This was slightly embarrassing as, although I can remember exactly what I was doing the day our lads landed on the beaches of Normandy (I was throwing a boiled egg on the floor and trying to hit my younger brother Stewart with my spoon, or, if I wasn't, it was one of the few times in 1944 that I wasn't), I have a very dim memory of the Falklands war.

Looking back, I find that the one thing I can remember is that the British public tended to divide into two groups. There was one half of the population who switched on avidly to find out all they could. Theother half thought the war was a totally loony business and switched off whenever they got the chance.

Not being involved in Mrs Thatcher's war at all, I allied myself to the second group and consistently avoided the televison news (a habit I have maintained to this day, and to which I chiefly attribute my youthful appearance and springy gait), but when the war was over I compared notes with a friend who had followed it avidly and found we had something in common. We were both ignorant. Whether we had followed the news or not, we both knew nothing about the progress of the war. Official secrecy was so total that even the fully informed knew nothing.

I faxed back to this effect to the man in France and thought I had done my duty. But he faxed me again and said: 'What about Scoop? Don't you remember being on the satirical TV programme Scoop? How much censorship was there there?'

Of course I remembered being on Scoop. It was a BBC programme made in Bristol. (This was before John Birt came along and decided that regional programmes were detrimental to the image of the BBC and tried to cut them out. In those days there were regional heads of broadcasting who tried to do the same thing on the spot.) I remembered Scoop for two reasons. One was that I met my future wife for the first time in the studios. The other was that it wasn't really a satirical programme at all - it was one in a long line of attempts to do on TV something as good as the News Quiz on radio. It wasn't bad, actually, and though I came consistently last (and I still have a presentation wooden spoon to prove it), I enjoyed it.

What I can't remember is anything about the Falklands coming up on this supposedly topical programme, even though we must have been in the middle of hostilities at the time. So I rang the then producer, Colin Godman, and he told me they had seen the programme as a way of getting away from the war as much as anything.

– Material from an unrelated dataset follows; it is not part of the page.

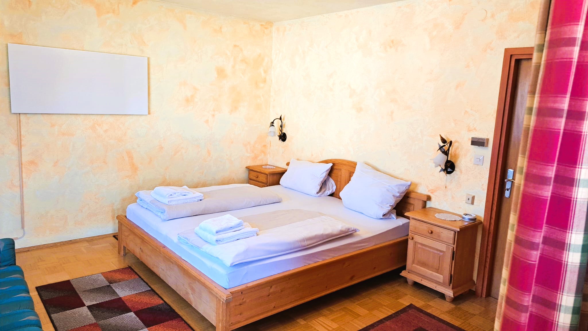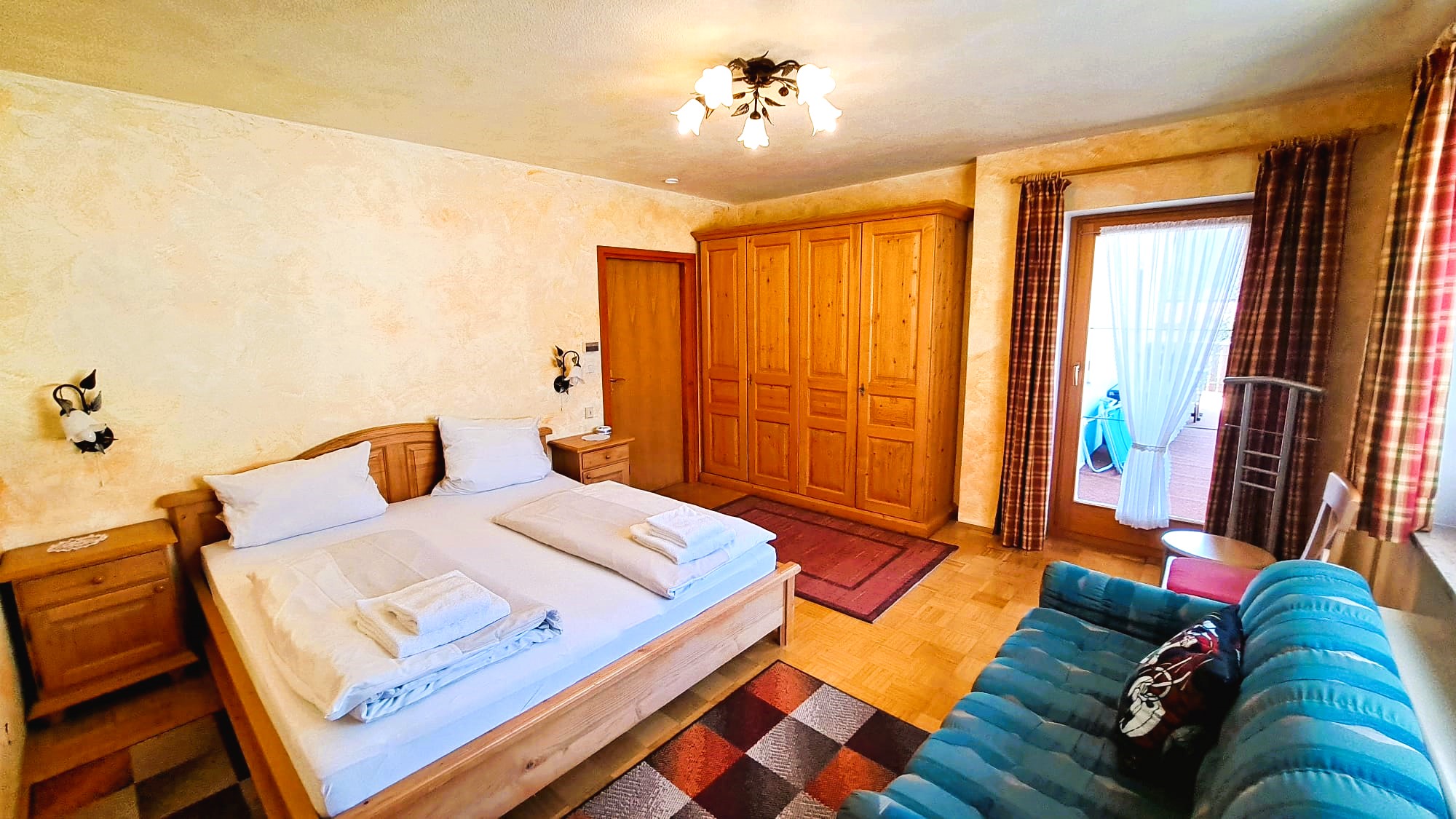 Das Wohnzimmer verfügt über eine Essecke im Landhausstil sowie eine bequeme Couch und verspricht gemütliche Abende. Die beiden Schlafzimmer sind jeweils mit einem Doppelbett und einem Schrank möbliert. Zur voll ausgestatteten, modernen Küche gehören neben einem Kühlschrank auch ein 4-Plattenherd, ein Backofen und eine Mikrowelle. Weiters verfügt die Wohnung über ein modernes Bad mit WC und Dusche, sowie eine separate extra Toilette. Der sonnige Südbalkon lädt jederzeit zum Verweilen ein und bietet eine Aussicht zum Genießen. Für unsere Gäste steht zudem freies WLAN, Kabel TV, eine Stereoanlage, ein eigener Parkplatz und ein beheizter Skiraum zur Verfügung.

'The only time I can really remember the Falkland Islands coming up,' he said, 'was when during one run-through you kept referring to them as Las Malvinas and the chairman, Richard Stilgoe, said to me nervously, 'Look, Miles isn't going to call them Las Malvinas on air, is he?'. I told him that I had no idea if you would or not.'

'And did I?' I said.

'Rather to my disappointment, you didn't,' he replied. Oh. Pity. Still, it was a time of self-censorship all round. I suddenly remembered that about that time I was having a book of Let's Parler Franglais pieces published by Jeremy Robson, who felt it needed an extra gimmick. I suggested that he should put on the front: 'Avec Free Gift] Un Souvenir Sketch Map des Iles Falkland] Ex-Army Surplus]' Jeremy thought this was in bad taste and vetoed the idea.

But the Argentinians were also guilty of self-censorship. With exquisitely bad timing, someone had opened an Argentinian restaurant called The Tango in Covent Garden just before the war started. I went there once, in peacetime, and had their excellent Argentine stew. I returned after the war had started and found that a) it was empty b) the stew had disappeared from the printed menu.

'No Argentine stew?' I asked the waiter. 'Si, we have still got it,' he said, 'but the name has been changed. It is now Spanish stew. However, it is exactly the same in all other respects.'

I still haven't faxed back to the man in Paris. It all seems a bit hard to explain convincingly enough to be worthy of a thesis.